Of the 357 babies born at 22 weeks, active treatment was given to 79 infants, and 18 survived, the study found. Of those, seven did not have moderate or severe impairment by the time they were toddlers.
The difference between fetal development at 22 weeks and 23 weeks can be significant, said Beckstrom.
“The challenge with data is that 22 and 0 days is a much more immature baby than the one born at 22 and 7,” Beckstrom said. “We have a mantra that says every day counts at that gestation.”
When Miri Ruthford went into labor not quite 22 weeks into her first pregnancy, doctors said she’d have to reach at least 24 weeks for the baby to a chance.
“They kept saying it was too early, too early, too early,” she recalled.

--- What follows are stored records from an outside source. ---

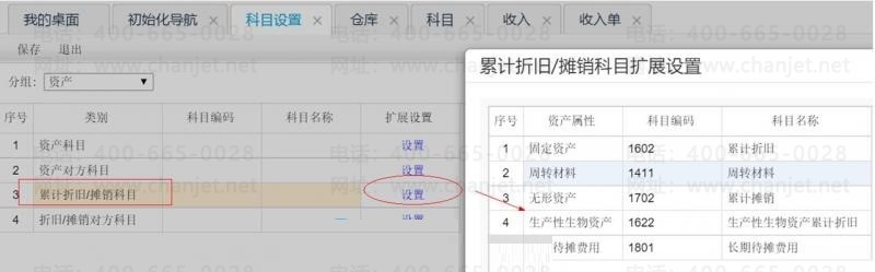 如果只是固定资产,可直接在【科目设置】中定义入账科目【累计折旧】。如果存在无形资产等,请参照下图进行定义。
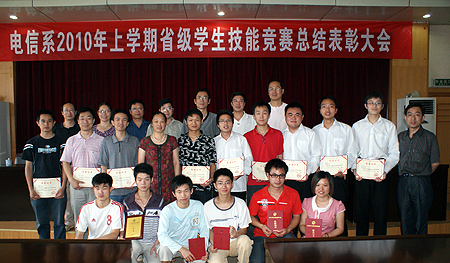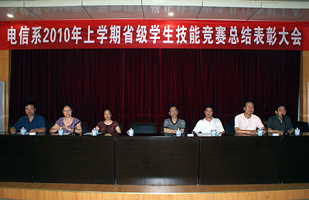 6月18日,电信系召开2010年上学期省级学生技能竞赛总结表彰大会。副院长龙伟、刘自斌,教务处处长易爱良,电信系主任吴连贵、系总支书记唐毅慈、副主任游新娥、申东亮及该系全体教师参加。会议由唐毅慈主持。
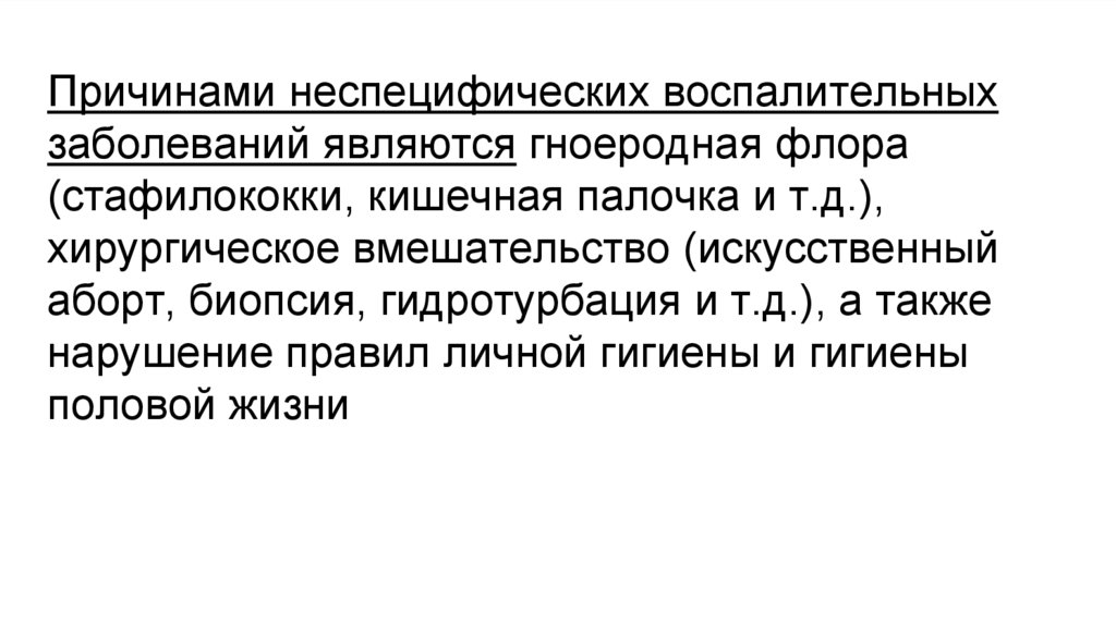 Причинами неспецифических воспалительныхзаболеваний являются гноеродная флора
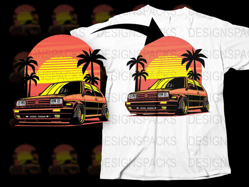 Experience retro vibes with this stylish Png Digital Download featuring a classic car against a vibrant sunset and palm trees backdrop. Stand out in vintage flair.
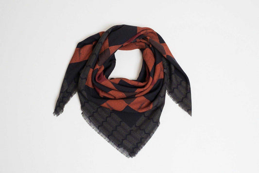 Écharpe carrée noire en laine mérinos japonaise 'Paddington' | FIL & CUIVRE
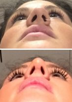 Often in conjunction with an over projected tip, there can be a noticeable addition to the tip of your nose in the form of a “hanging” or “drooping” columella as per above example on a previous patient. During surgery, this was shortened and along with tip reduction resulting in a much more petite and aesthetically pleasing tip area.
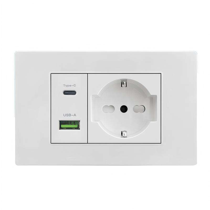 สวิตช์และเต้ารับแบบผสมผสานตามสั่ง ภาษาเยอรมัน อิตาลี แผงสัมผัส ทนทาน มาตรฐาน IT ปลั๊กติดผนัง 2 ช่อง USB A/2 ช่อง Type-C
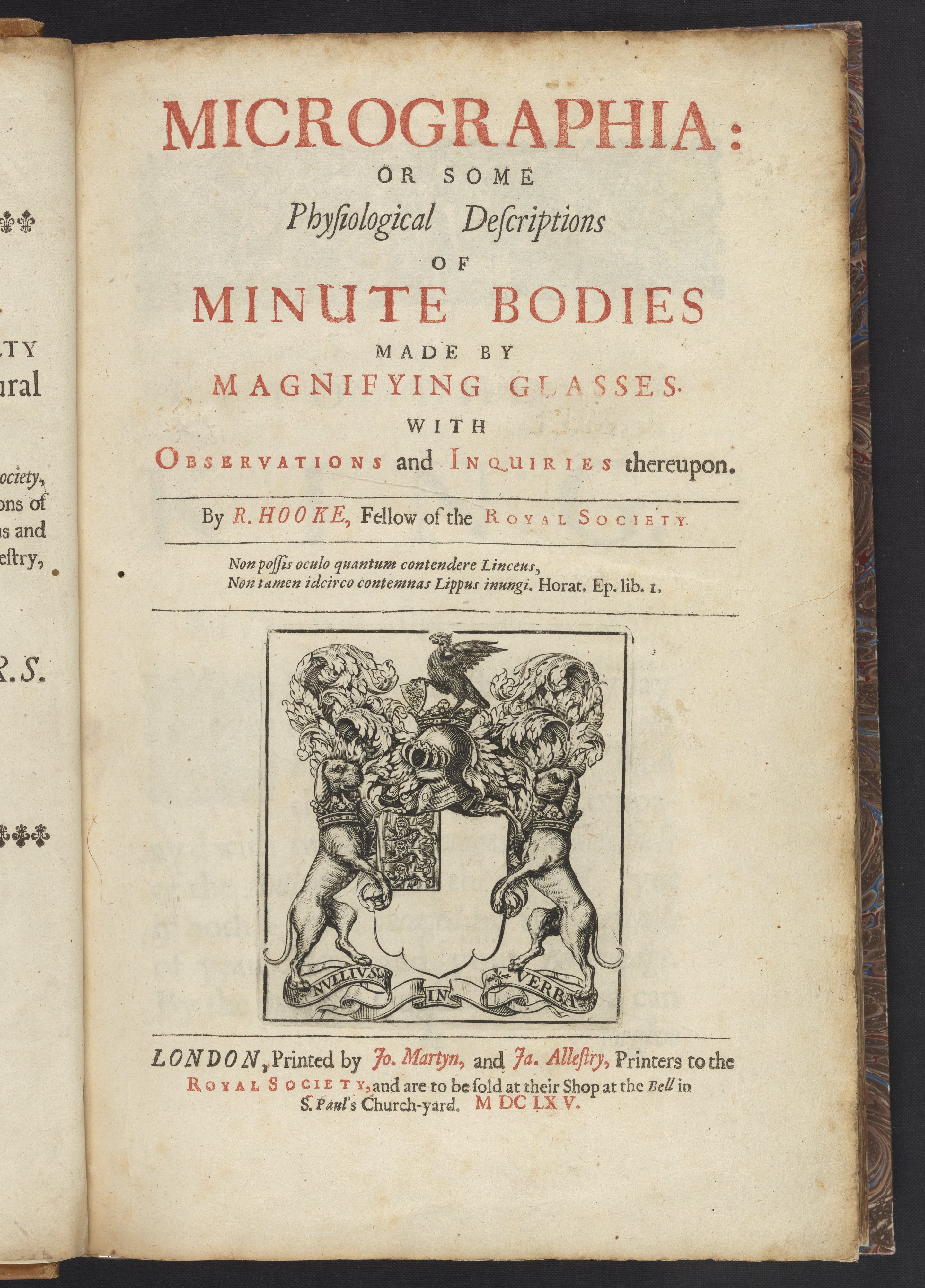 Hooke, Robert. “Title Page from Robert Hooke's Micrographia.” In Micrographia : or, Some Physiological Descriptions of Minute Bodies Made by Magnifying Glasses. With Observations and Inquiries Thereupon. London, England: J. Allestry, 1665. https://digital.sciencehistory.org/works/t722h981f.
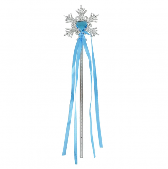 Kar Taneli Mavi Kalp Taşlı Saten Kurdeleli Karlar Ülkesi Elsa Asası Sopası 34 Cm
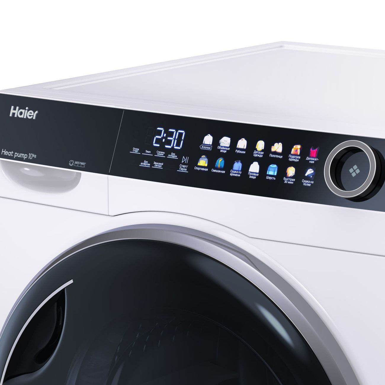 Сушильная машина Haier HD100-A2378 — модель конденсационного типа со стальным барабаном объемом 112 л, оснащенным внутренней подсветкой, в который можно загружать до 10 кг белья. Люк диаметром 52,5 см открывается на 180° и при необходимости может перенавешиваться.
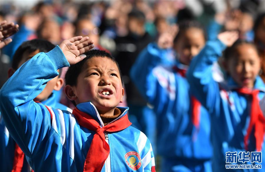 3月4日,在拉薩市第一小學(xué),少先隊(duì)員在升國(guó)旗儀式上向國(guó)旗敬禮。新華社記者 覺(jué)果 攝

Doctors emphasized that Gabriel likely wouldn’t survive, and if he did, he could have serious problems such as blindness, deafness or severe cerebral palsy. They warned the burden of caring for such a child could be too much for the family to bear.
The Ruthfords said that didn’t sway them. “We’ve always been of the belief that as soon as a child is conceived it’s a child,” Miri Ruthford said. “I’m not going to give up on my child just because it’s hard.”
When her water broke and it became clear the baby would arrive on April 25, 2012, at 22 weeks, six days, the Ruthfords say, they still didn’t feel supported in their decision to seek active intervention.
“It felt like we were bucking the will of the doctors,” Eric Ruthford said.
Today, they’re glad they did. Gabriel is a typical 3-year-old boy, his mother said, one who likes emergency vehicles, airplanes and singing “The Wheels on the Bus” way too much.
He’s still smaller than other children his age and has problems with eating, likely related to so much time using feeding tubes as an infant. To ensure that he gets the nutrition he needs, Gabriel’s parents feed him some meals through a tube in his stomach.
Those amount to minor problems, said Eric Ruthford, a former journalist and manager of a nonprofit homeless shelter who’s writing a book about neonatal resuscitation and has become an advocate for expanded parental choice.
In the face of such varied outcomes, the new guidelines are a welcome acknowledgment that there is no single answer about what’s best for the tiniest babies, Ruthford said. Parents should be fully informed about the odds and the options, but then allowed to decide, without pressure.
“We want to tell doctors, don’t be so negative about a child’s chances,” he said. “Statistics are for groups, but our one child might live. Each kid is an independent event.”